Museu do Trabalho Michel Giacometti

Verificado

O Museu do Trabalho Michel Giacometti é um museu municipal em Setúbal, instalado numa antiga fábrica de conservas na frente ribeirinha. É dedicado à história do trabalho, indústria e tradições populares da região, e tem o nome do etnógrafo corso Michel Giacometti, que passou trinta anos a recolher o testemunho da cultura popular portuguesa.

Museu do Trabalho — uma antiga fábrica de conservas

História

A Fábrica de Conservas Perienes

O edifício do museu é uma antiga fábrica de conservas de cinco andares, Perienes (Fábrica de Conservas Perienes), uma das numerosas empresas conserveiras que definiram o carácter económico de Setúbal ao longo dos séculos XIX e XX. A fábrica situava-se no bairro histórico de pescadores, salineiros e trabalhadores das conservas — o bairro contíguo à frente ribeirinha do rio Sado.

Setúbal foi um dos principais centros da indústria conserveira de Portugal. Em meados do século XX, o país tinha mais de 400 fábricas de conservas, uma proporção significativa das quais se concentrava em Setúbal, Espinho (perto do Porto) e no Algarve. A produção de sardinhas de conserva em azeite tornou-se numa das principais indústrias de exportação de Portugal — em 1912, o país classificou-se em primeiro lugar no mundo em exportações de peixe de conserva.

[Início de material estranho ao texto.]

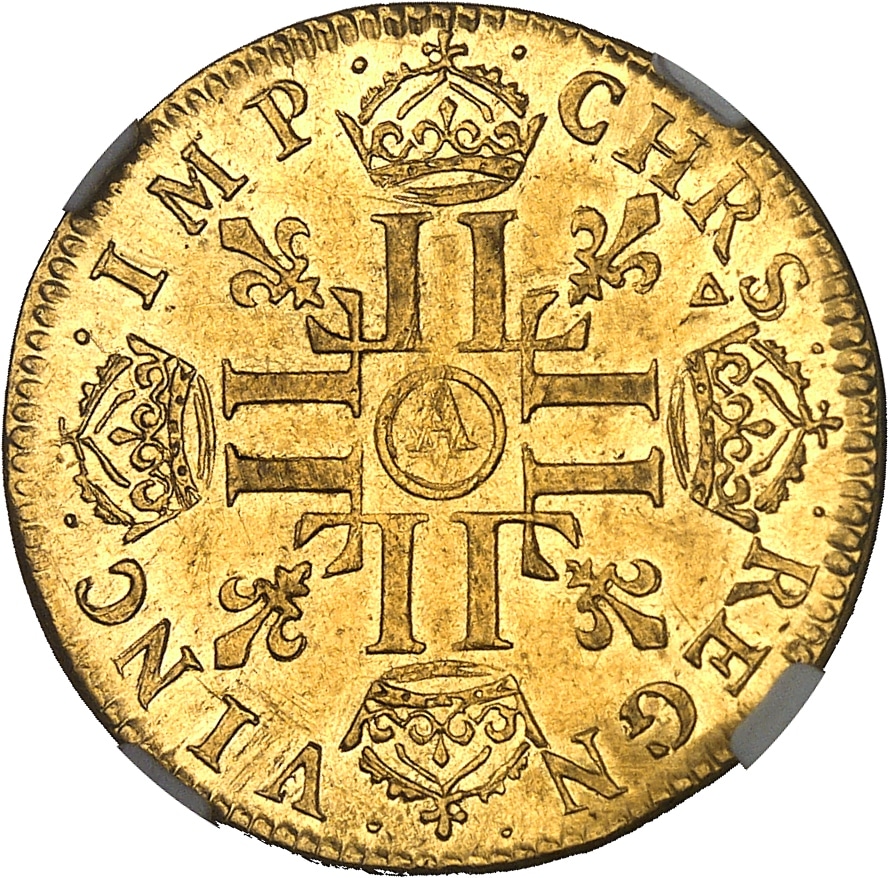 Rv. .CHRS. - .REGN. - .VINC. - .IMP. Croix formée de huit L adossées, chaque bras étant couronné, avec (atelier) dans un cercle en cœur, cantonnée de quatre lis divergeant du centre.

A fábrica Perienes cessou operações em 1971, tornando-se numa das vítimas do declínio gradual que atingiu a indústria na segunda metade do século XX.

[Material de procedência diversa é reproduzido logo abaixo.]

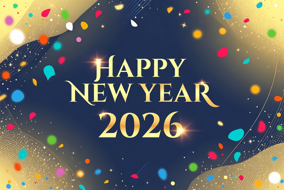 Colorful confetti surrounds the bold text wishing everyone a Happy New Year 2026, creating a festive and joyful atmosphere for celebrations.

Michel Giacometti: O Etnógrafo e a Sua Missão

O museu tem o nome de Michel Giacometti (1929–1990) — um etnógrafo de origem corsa que dedicou a sua vida a documentar a cultura popular portuguesa.

Giacometti nasceu a 8 de janeiro de 1929 em Ajaccio (Córsega). Órfão em tenra idade, foi criado por tios maternos, viveu no Norte de África (Argélia colonial), regressou depois a França, onde estudou literatura e etnologia em Paris.

Em 1959, Giacometti mudou-se para Portugal e passou os últimos trinta anos da sua vida no país. Fundou os Arquivos Sonoros Portugueses (Arquivos Sonoros Portugueses) e viajou sistematicamente pelo país, gravando tradições orais que se encontravam a desaparecer na sequência da modernização. Na década de 1960, em colaboração com o compositor Fernando Lopes-Graça, publicou a Antologia da Música Regional Portuguesa (Antologia da Música Regional Portuguesa) — uma das mais importantes coleções de música tradicional portuguesa.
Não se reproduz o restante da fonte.